_WHAT TO WORK ON:_ Here the job is to transcribe only the lines from the one containing "Cuba Havana Hotel Plaza Leaflet 1928" through the last line below, exactly as written; please leave out pictures.

_THE DATA:_
——————

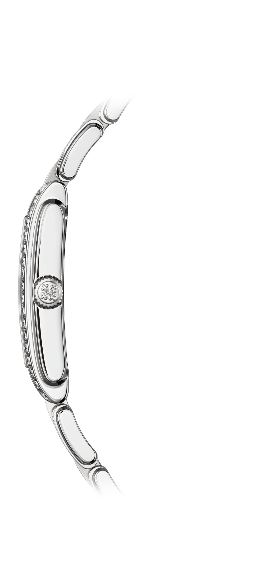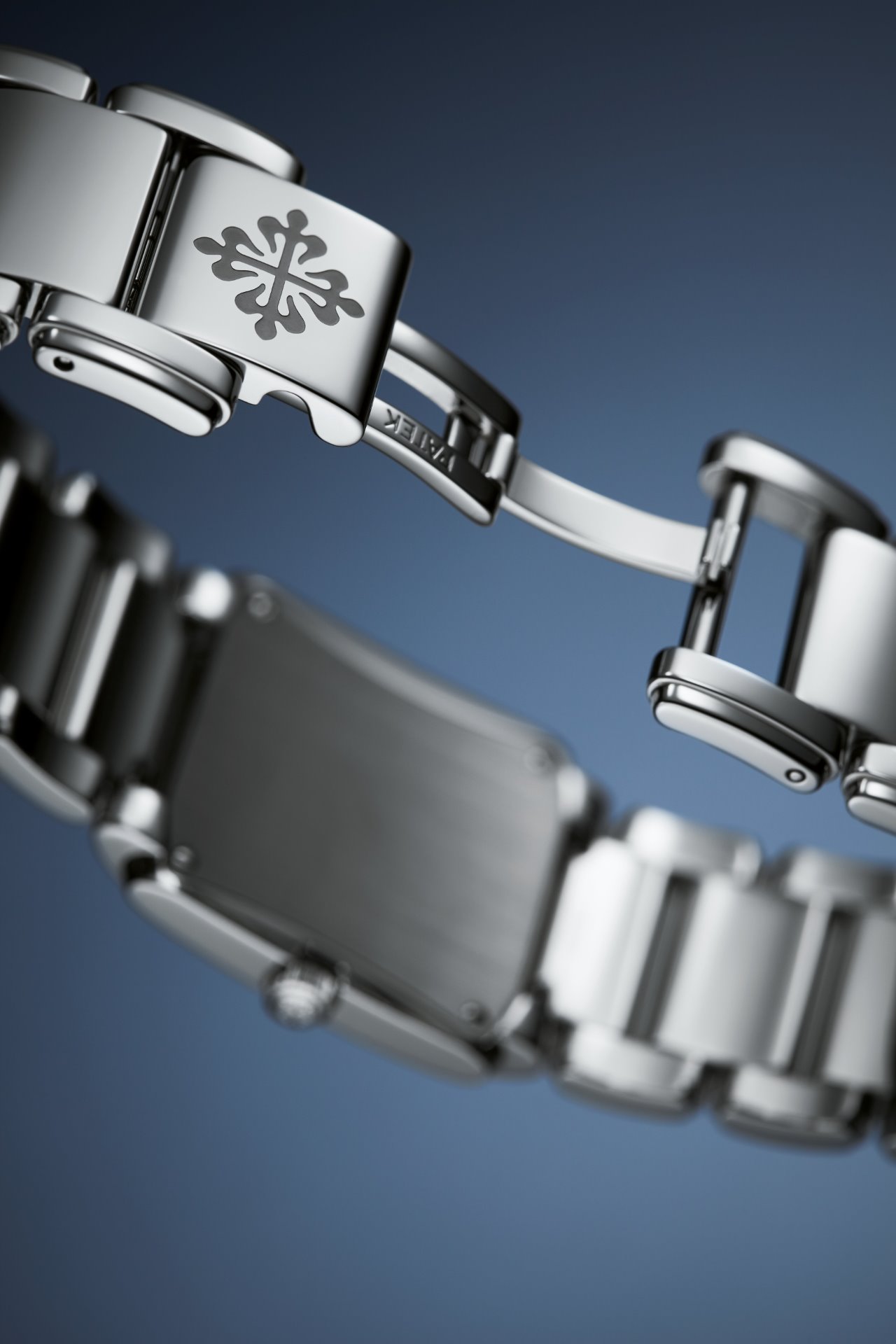 The distinctive shape of the two-tier rectangular case is underlined by two rows of 18 Top Wesselton Pure diamonds (approx. 0.42 ct) set with textbook precision. A Calatrava Cross, emblem of the Patek Philippe manufacture, embellishes the crown. The supple, comfortable bracelet, fitted with a fold-over clasp, is a jewel in its own right. Each component is manually finished and fully polished. The Patek Philippe caliber E15 quartz movement is made with the same devotion to fine workmanship as the manufacture’s mechanical movements. The new references 4910/1200A-001 and 4910/1200A-010 with Arabic numerals replace the previous references 4910/10A-001, 4910/10A-010, 4910/10A-011 and 4910/10A-012 with Roman numerals.
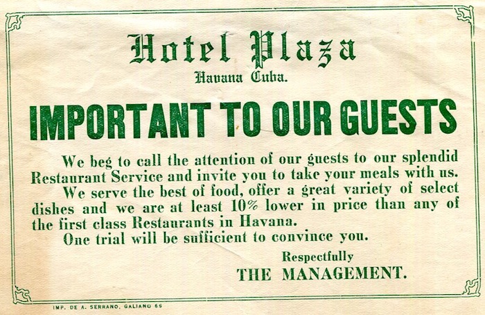 Cuba Havana Hotel Plaza Leaflet 1928
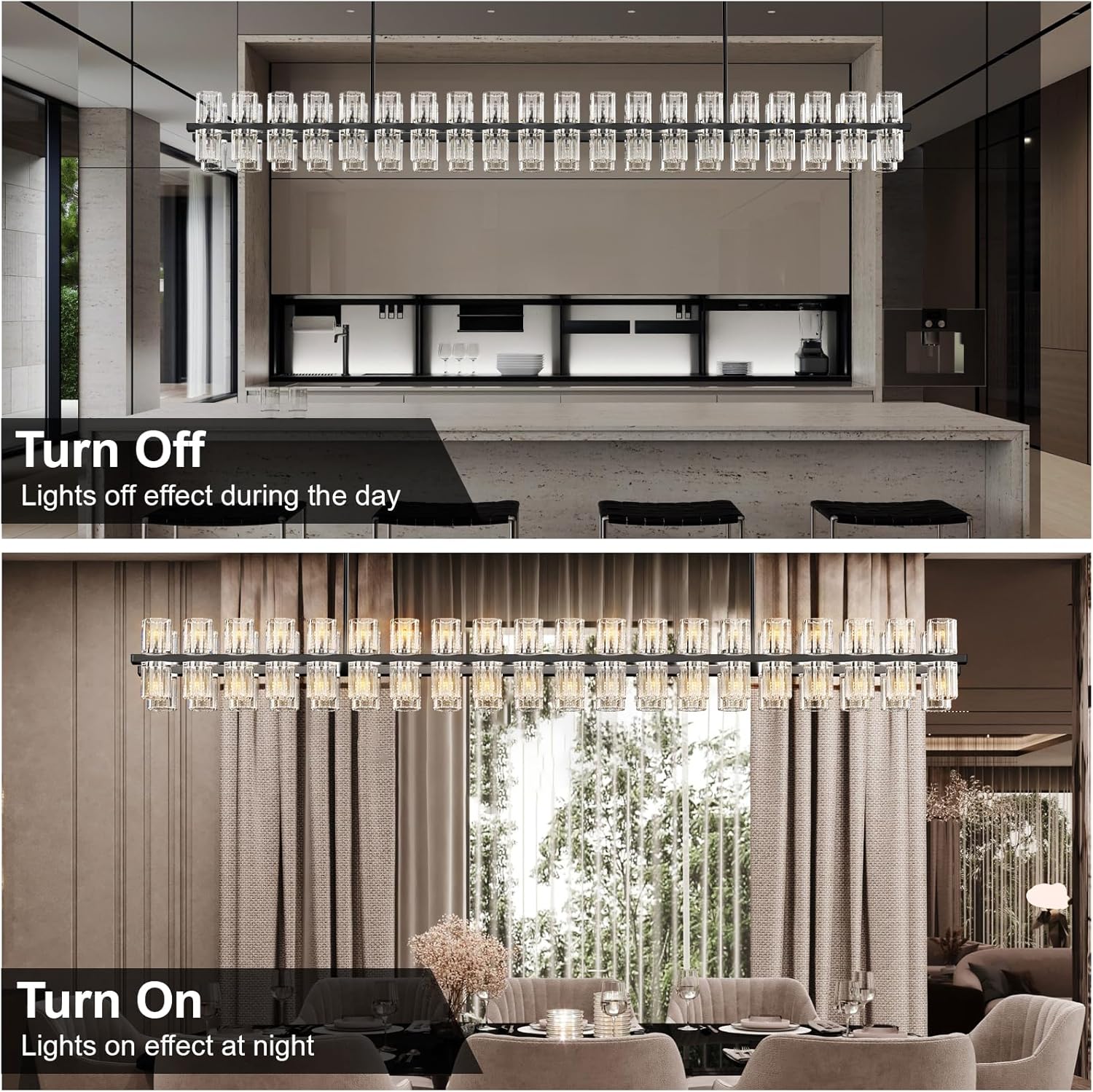 Crystal Black Rectangular Chandelier Light Fixture,72 in Large Dining Room Chandelier Over Table,Modern Chandeliers for Living Room,Arcachon Chandeliers,Kitchen Island,Includes 80xG4 Bulbs

——————

_RESPONSE AREA:_
 Cuba Havana Hotel Plaza Leaflet 1928
 Crystal Black Rectangular Chandelier Light Fixture,72 in Large Dining Room Chandelier Over Table,Modern Chandeliers for Living Room,Arcachon Chandeliers,Kitchen Island,Includes 80xG4 Bulbs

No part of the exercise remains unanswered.